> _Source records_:
%%
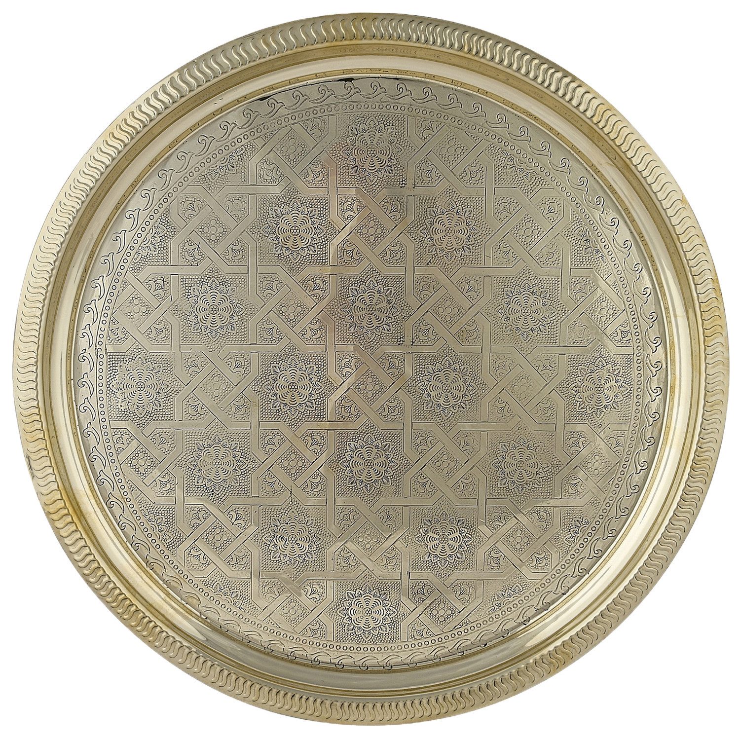 Marrakesch Orient & Mediterran Interior Dekotablett Orientalische Deko Tablett Serviertablett Kerzentablett Gold 38cm, Handarbeit
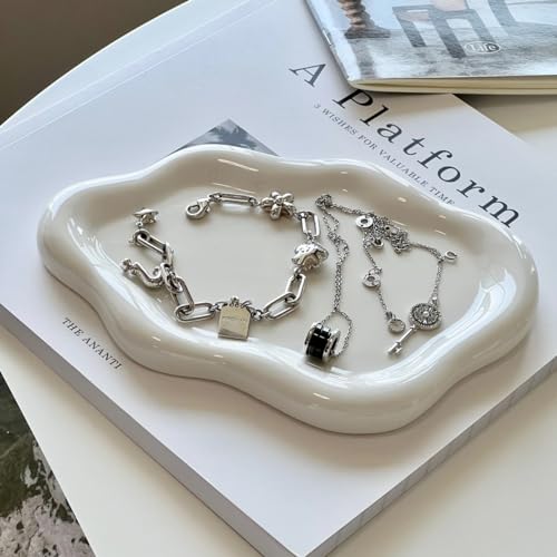 CESTATIVO Smyckestallrik, smyckesbricka, prydnadsbricka, ring diskbricka, liten nyckelbricka, keramisk bricka, estetisk sminkdekor, mors dag, jul, Thanksgiving, födelsedagspresent för kvinnor (vit)
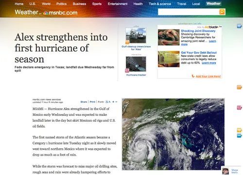 Pretty bold move for a mainstream new source, in my opinion. First off, the entire article is one one page, as opposed to the multi-paging most news sites use to pump up page views. Big bold headlines, large line height for easy reading, tons of white space. Also, innovative navigation in the right margin, with the little icons that indicate where on the page different features reside.
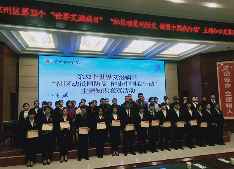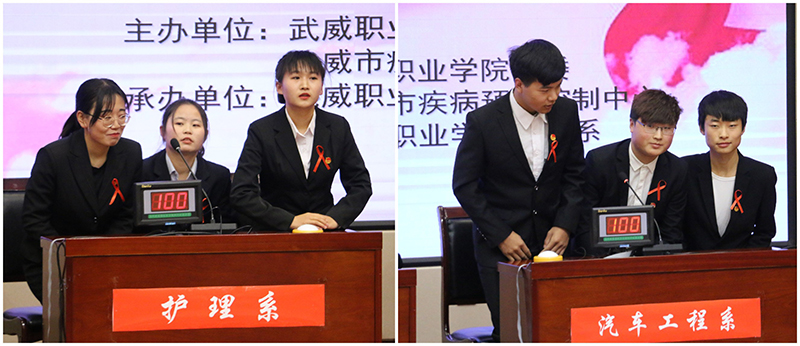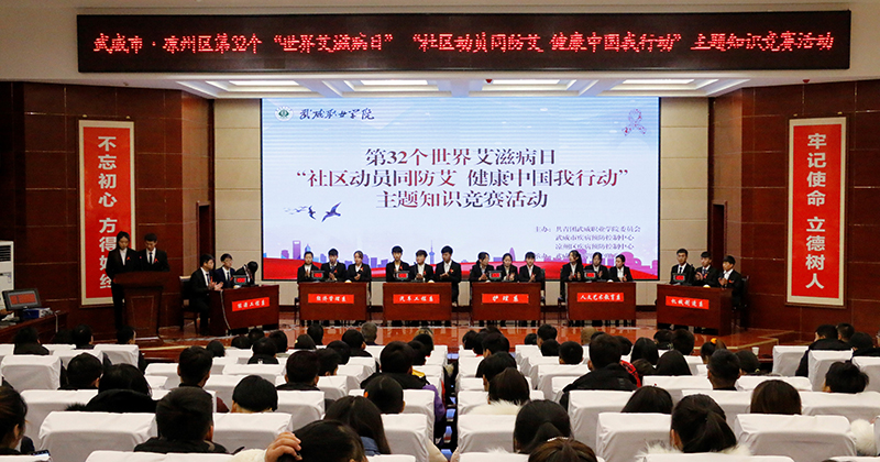 為持續(xù)深入推進(jìn)大學(xué)生艾滋病預(yù)防教育工作,迎接第32個(gè)世界艾滋病日的到來, 12月1日晚,學(xué)院開展了艾滋病知識競賽活動(dòng),學(xué)院副院長王永緒、王守云,市疾控中心領(lǐng)導(dǎo)參加活動(dòng)。此次活動(dòng)由武威職業(yè)學(xué)院與武威市疾控中心聯(lián)合主辦,護(hù)理系承辦,活動(dòng)的主題為“社區(qū)動(dòng)員同防艾 .健康中國我行動(dòng)”。學(xué)院團(tuán)委及部分系老師,各系學(xué)生代表觀看了比賽。
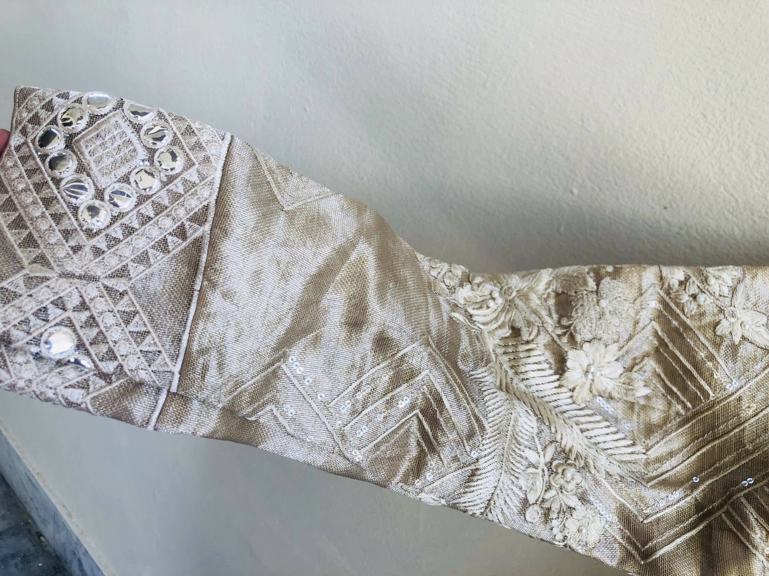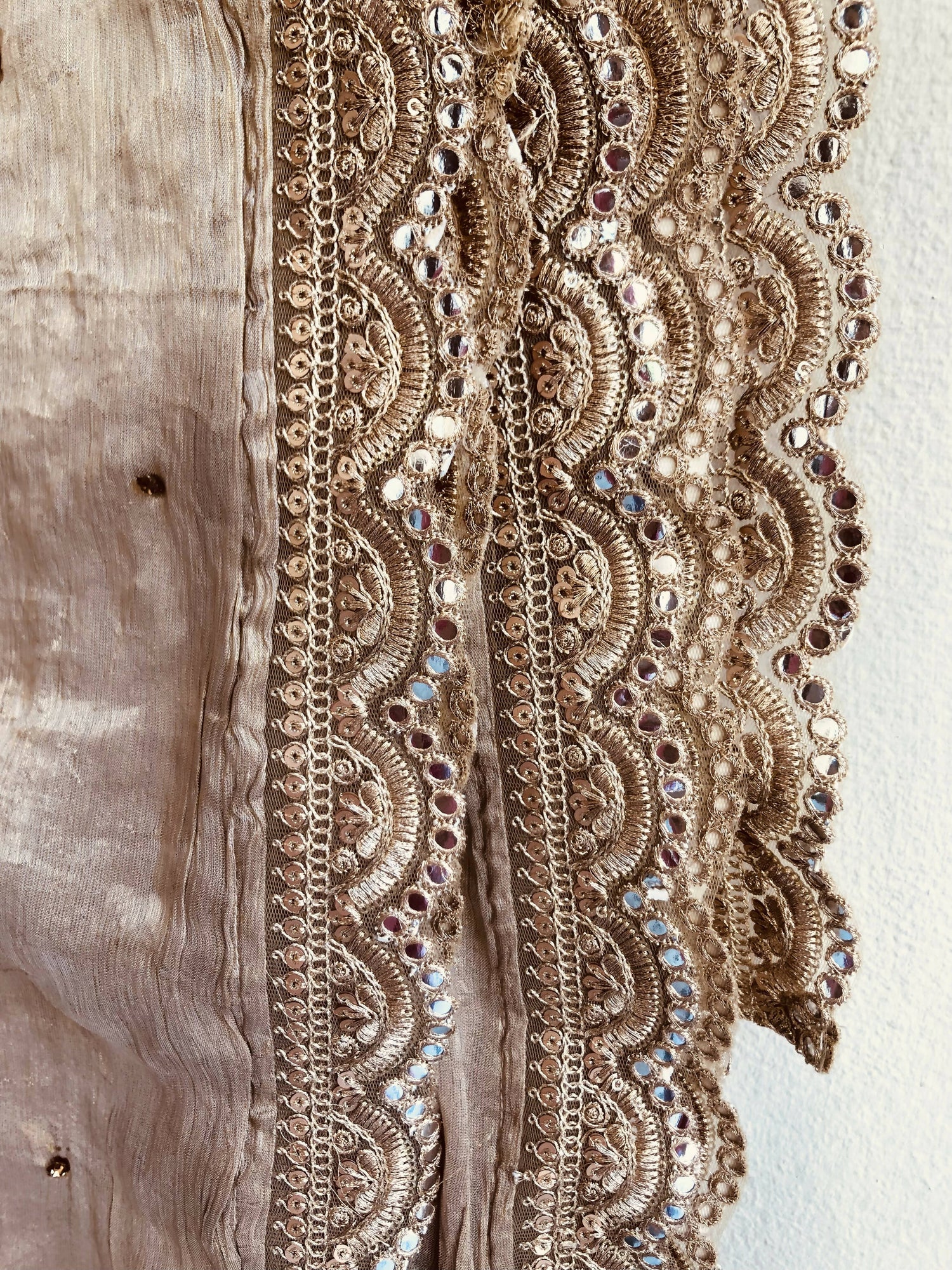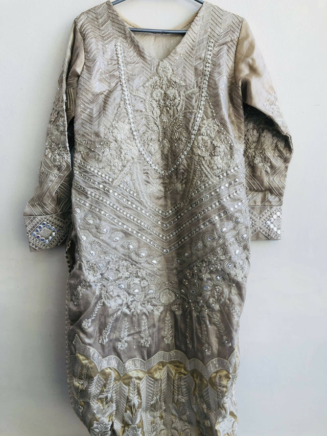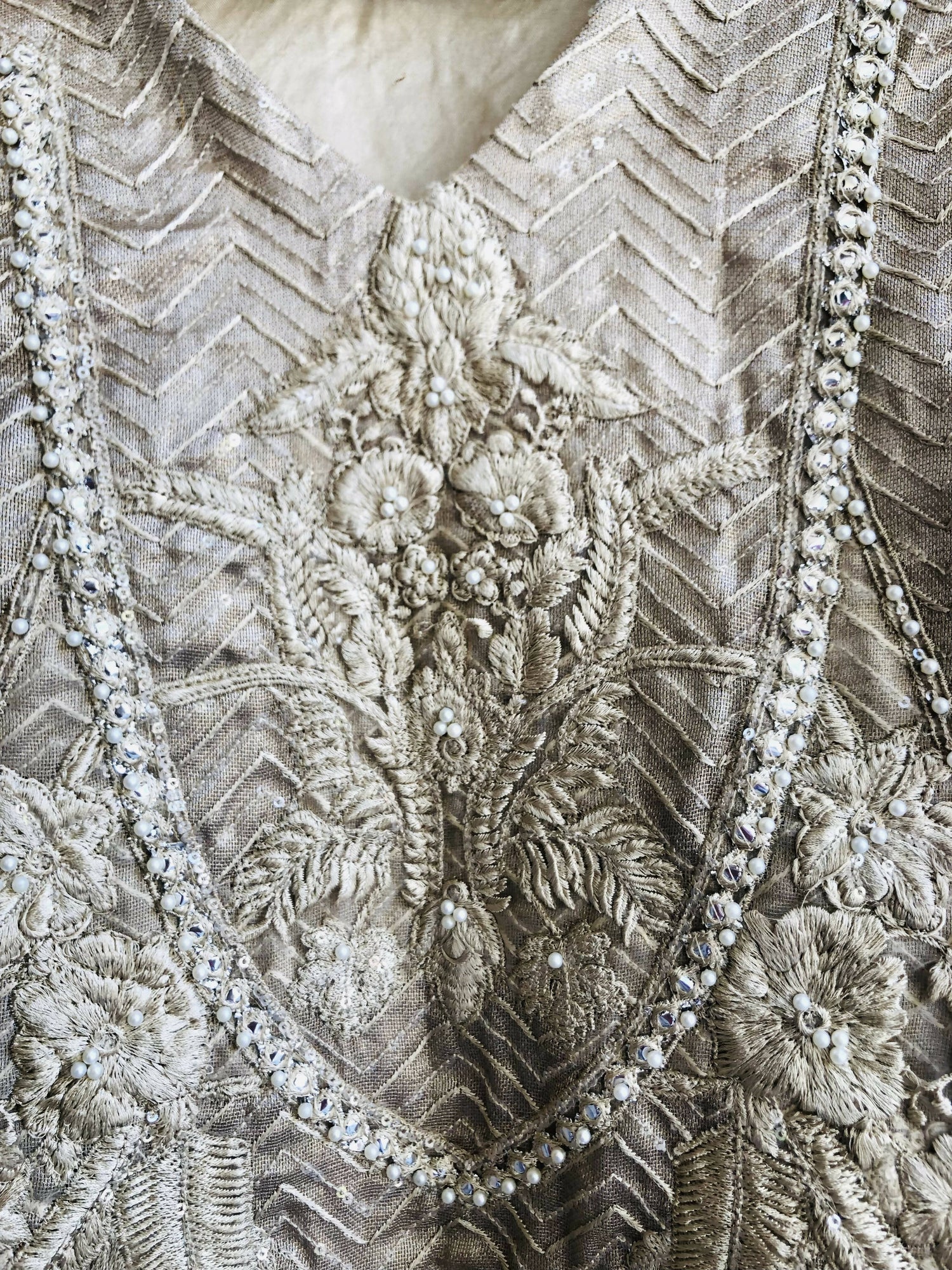| MATERIAL & MEASUREMENT | Embellished and embroidered sequence work cotton net shirt with fancy dupatta and cotton silk trouser condition 10/10, never worn Measurements: Shirt length: 43. Chest: 20 hips 23 Trouser 38 |
%%
> _WHAT YOU ARE ASKED TO DO_: Once the pictures are set aside, the remaining data must be transcribed exactly.

> _ANSWER FOR THIS EXERCISE_:
 Marrakesch Orient & Mediterran Interior Dekotablett Orientalische Deko Tablett Serviertablett Kerzentablett Gold 38cm, Handarbeit
 CESTATIVO Smyckestallrik, smyckesbricka, prydnadsbricka, ring diskbricka, liten nyckelbricka, keramisk bricka, estetisk sminkdekor, mors dag, jul, Thanksgiving, födelsedagspresent för kvinnor (vit)
 Pretty bold move for a mainstream new source, in my opinion. First off, the entire article is one one page, as opposed to the multi-paging most news sites use to pump up page views. Big bold headlines, large line height for easy reading, tons of white space. Also, innovative navigation in the right margin, with the little icons that indicate where on the page different features reside.
 為持續(xù)深入推進(jìn)大學(xué)生艾滋病預(yù)防教育工作,迎接第32個(gè)世界艾滋病日的到來, 12月1日晚,學(xué)院開展了艾滋病知識競賽活動(dòng),學(xué)院副院長王永緒、王守云,市疾控中心領(lǐng)導(dǎo)參加活動(dòng)。此次活動(dòng)由武威職業(yè)學(xué)院與武威市疾控中心聯(lián)合主辦,護(hù)理系承辦,活動(dòng)的主題為“社區(qū)動(dòng)員同防艾 .健康中國我行動(dòng)”。學(xué)院團(tuán)委及部分系老師,各系學(xué)生代表觀看了比賽。
| MATERIAL & MEASUREMENT | Embellished and embroidered sequence work cotton net shirt with fancy dupatta and cotton silk trouser condition 10/10, never worn Measurements: Shirt length: 43. Chest: 20 hips 23 Trouser 38 |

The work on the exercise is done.